# Are "most" continuous functions also differentiable?

Let $A$ be a nonempty open subset of $\mathbb{R}$.

Consider a function $f : A \rightarrow \mathbb{R}$. Given that $f$ is continuous, what is the probability that it is differentiable? I suspect it is $0$.

• You'd have to define how to compute probabilities here... Apr 16, 2014 at 17:56
• Are you asking about measure theory? Apr 16, 2014 at 17:59
• If it can help : the subset of nowhere differentiable functions contains an intersection of open dense subsets. Or if your function is a Brownian motion, then the probability of being differentiable is 0. Apr 16, 2014 at 18:00
• @vonbrand What if I instead asked for your credence in $f$'s differentiability? Apr 16, 2014 at 18:00
• That question is in a finite dimensional setting, and the question plays nicely with countable operations.
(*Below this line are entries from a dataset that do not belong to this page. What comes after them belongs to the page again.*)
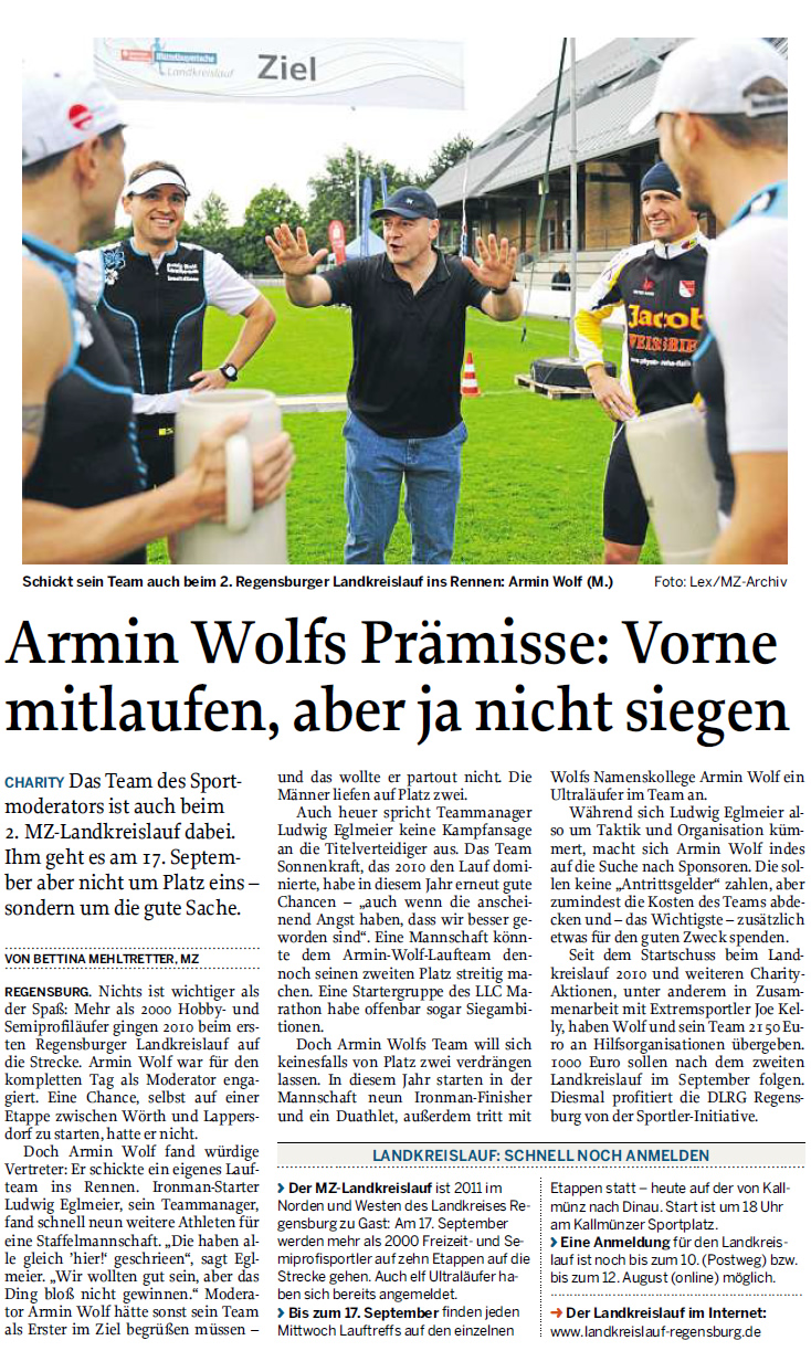 Das Armin Wolf Laufteam hat beim hochkarätig besetzten zweiten Mittelbayerische Landkreislauf am 10. September 2011 einen hervorragenden 5. Platz belegt.
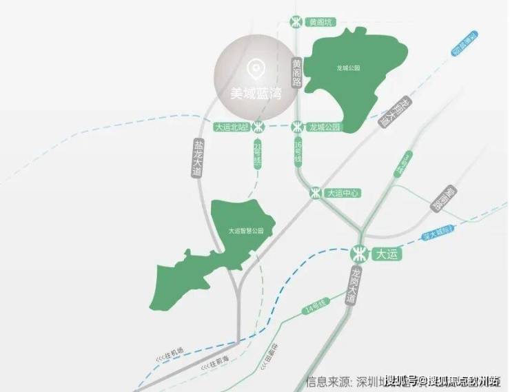 地铁:直线距离16号线龙城公园站约800m,两站直达大运枢纽站,换乘3/14号线和深大城际(建设中);直线距离21号线大运北站(规划中)约600m;快速连接全城。
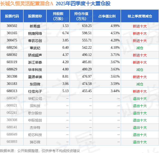 长城久恒灵活配置混合A的前十大重仓股如下:
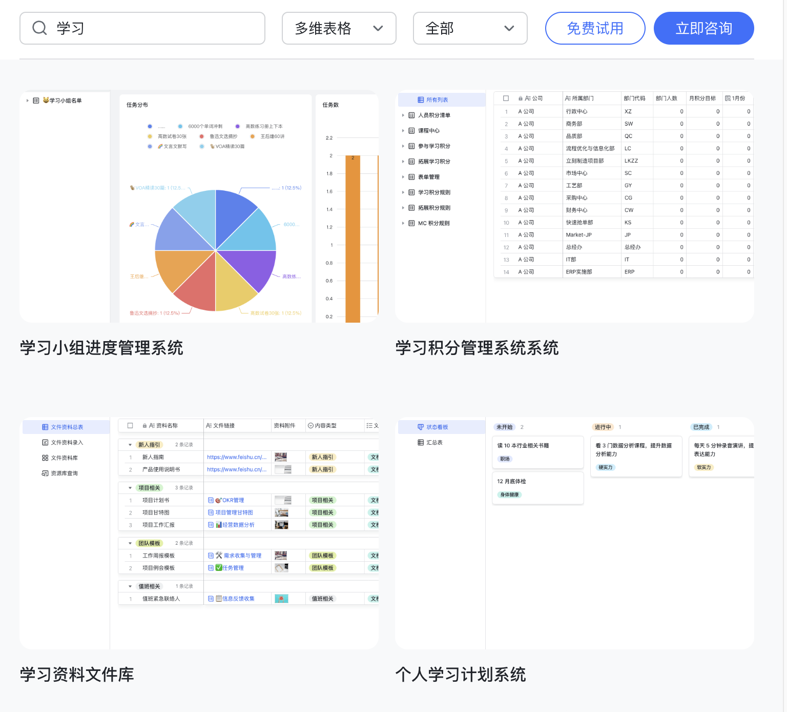1、学习日程管理:模板库点击即用

Probability on infinite dimensional spaces is extremely technical. For what it's worth, I would be shocked if you could find a reasonable interpretation in which the answer was not zero. Apr 16, 2014 at 18:35

There is a very precise sense in which the answer to your question is "$0$".
Let us denote by $ND$ the set of all continuous nowhere differentiable functions on, say, the interval $[0,1]$, and by $\mathcal C([0,1]$ the Banach space of all continuous functions on $[0,1]$. Then, it can be shown that $SD:=\mathcal C([0,1])\setminus ND$ (the set of all functions which are somewhere differentiable) is a "Haar-null" set, which means that there exists a Borel probability measure $\mu$ on $\mathcal C([0,1])$ such that $$\forall f\in\mathcal C([0,1])\;:\; \mu(f+SD)=0\, .$$
Here, "$\mu(E)=0$" for a possibly non-Borel set $E$ means that $E$ is contained in a Borel set $\widetilde E$ such that $\mu(\widetilde E)=0$. (This remark is needed because $SD$ is not Borel in $\mathcal C([0,1])$).
Thus, in this sense, a continuous function is nowhere differentiable "with probability $1$".